**Task to carry out**.
Return each line of the data below exactly, omitting any pictures.

**Data block**.

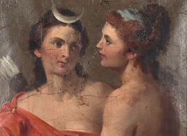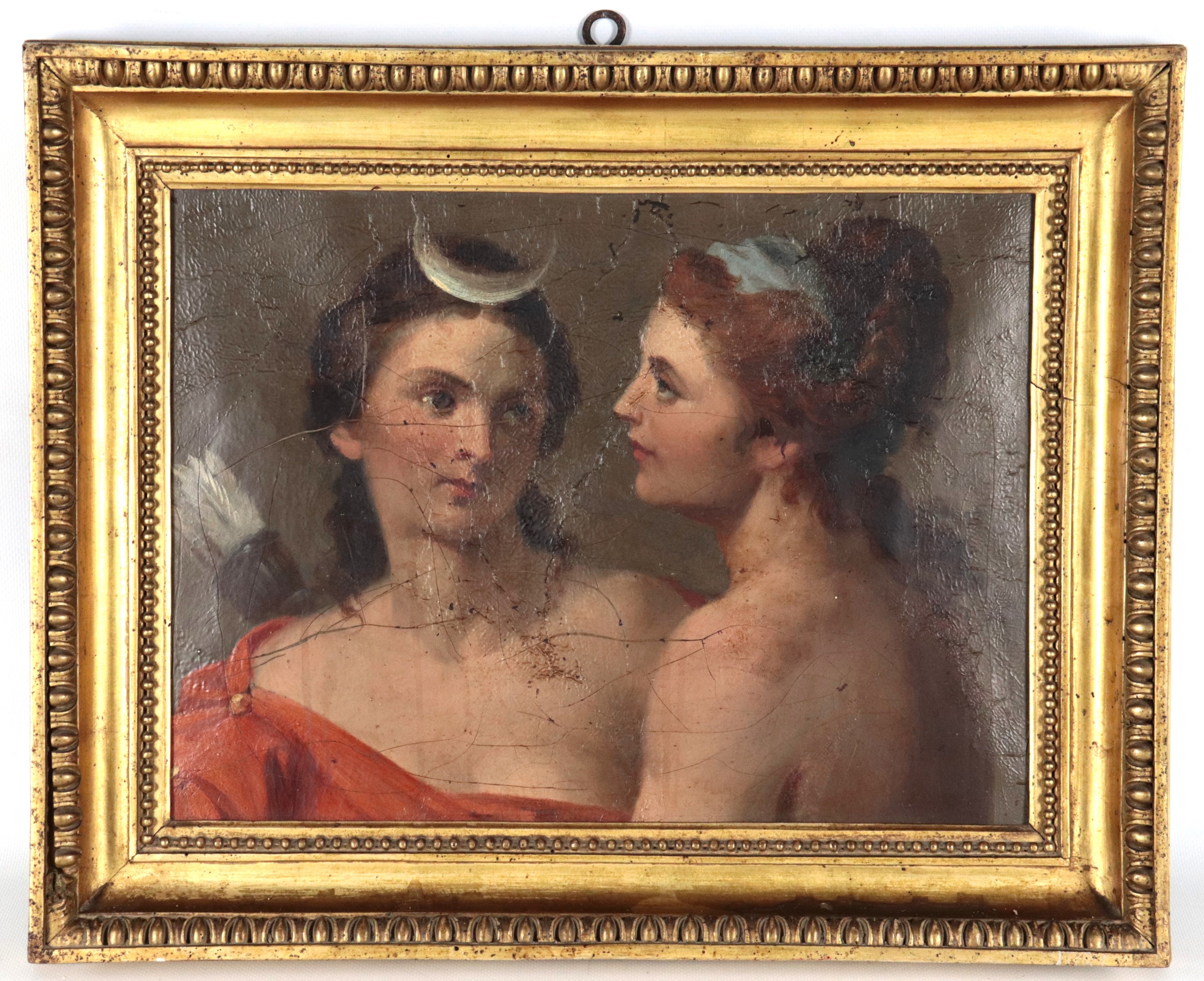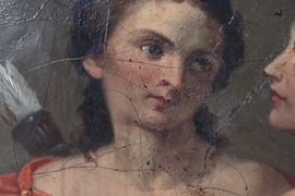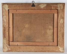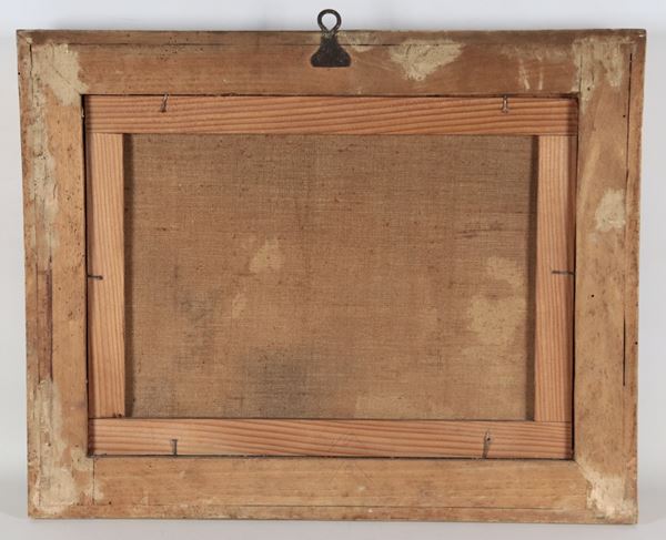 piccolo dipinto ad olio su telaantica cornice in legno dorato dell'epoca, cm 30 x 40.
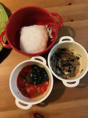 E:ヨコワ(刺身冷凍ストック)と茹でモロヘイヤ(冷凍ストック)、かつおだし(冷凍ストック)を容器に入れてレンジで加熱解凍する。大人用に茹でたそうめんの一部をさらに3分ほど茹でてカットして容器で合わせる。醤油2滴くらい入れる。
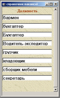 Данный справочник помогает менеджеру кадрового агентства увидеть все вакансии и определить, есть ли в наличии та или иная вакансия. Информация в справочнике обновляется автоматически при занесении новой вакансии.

**Answer box**.
 piccolo dipinto ad olio su telaantica cornice in legno dorato dell'epoca, cm 30 x 40.
 E:ヨコワ(刺身冷凍ストック)と茹でモロヘイヤ(冷凍ストック)、かつおだし(冷凍ストック)を容器に入れてレンジで加熱解凍する。大人用に茹でたそうめんの一部をさらに3分ほど茹でてカットして容器で合わせる。醤油2滴くらい入れる。
 Данный справочник помогает менеджеру кадрового агентства увидеть все вакансии и определить, есть ли в наличии та или иная вакансия. Информация в справочнике обновляется автоматически при занесении новой вакансии.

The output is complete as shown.